From Tim Keller and Katherine Leary Alsdorf’s Every Good Endeavor: Connecting Your Work to God’s Work:
The gospel-centered business would have a discernible vision for serving the customer in some unique way, a lack of adversarial relationships and exploitation, an extremely strong emphasis on excellence and product quality, and an ethical environment that goes ‘all the way down’ to the bottom of the organizational chart and to the realities of daily behavior, even when high ethics mean a loss of margin.
In the business animated by the gospel worldview, profit is simply one of many important bottom lines.
Keller nails it here.

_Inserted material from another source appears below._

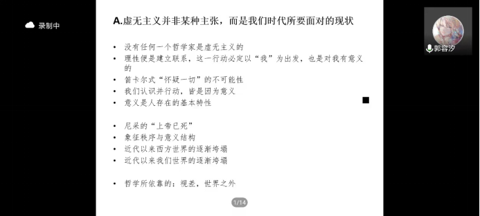 最后一位发言的同学是来自哲学与政府管理学院2019级哲学系新文科班的郭容汐。他从虚无主义的定义及现代的虚无主义、批判现代的虚无主义来探究虚无主义背后的原因并描述虚无的表现、虚无主义与相对主义的区别以及如何避免虚无感的方法

It is also very interesting that his statement that profit should be only one of many bottom lines syncs up with the research of Jim Collins. In the landmark book Built to Last, Collins’ research shows that the most profitable companies actually don’t put profit first — they put the customer and the mission first.
This doesn’t mean they don’t seek profit (just as Keller isn’t saying not to seek profit). Rather, it’s that they realize that profit is not the point. Making a contribution and serving the customer is. You have to do this in a profitable way, but ironically, Collins’ research shows, you will be more profitable when you pursue more than profit rather than just profit.
And so here we see that the nature of a gospel-centered business is very much in line with what the best business research is showing as well. Common grace and the gospel are allies, not opponents.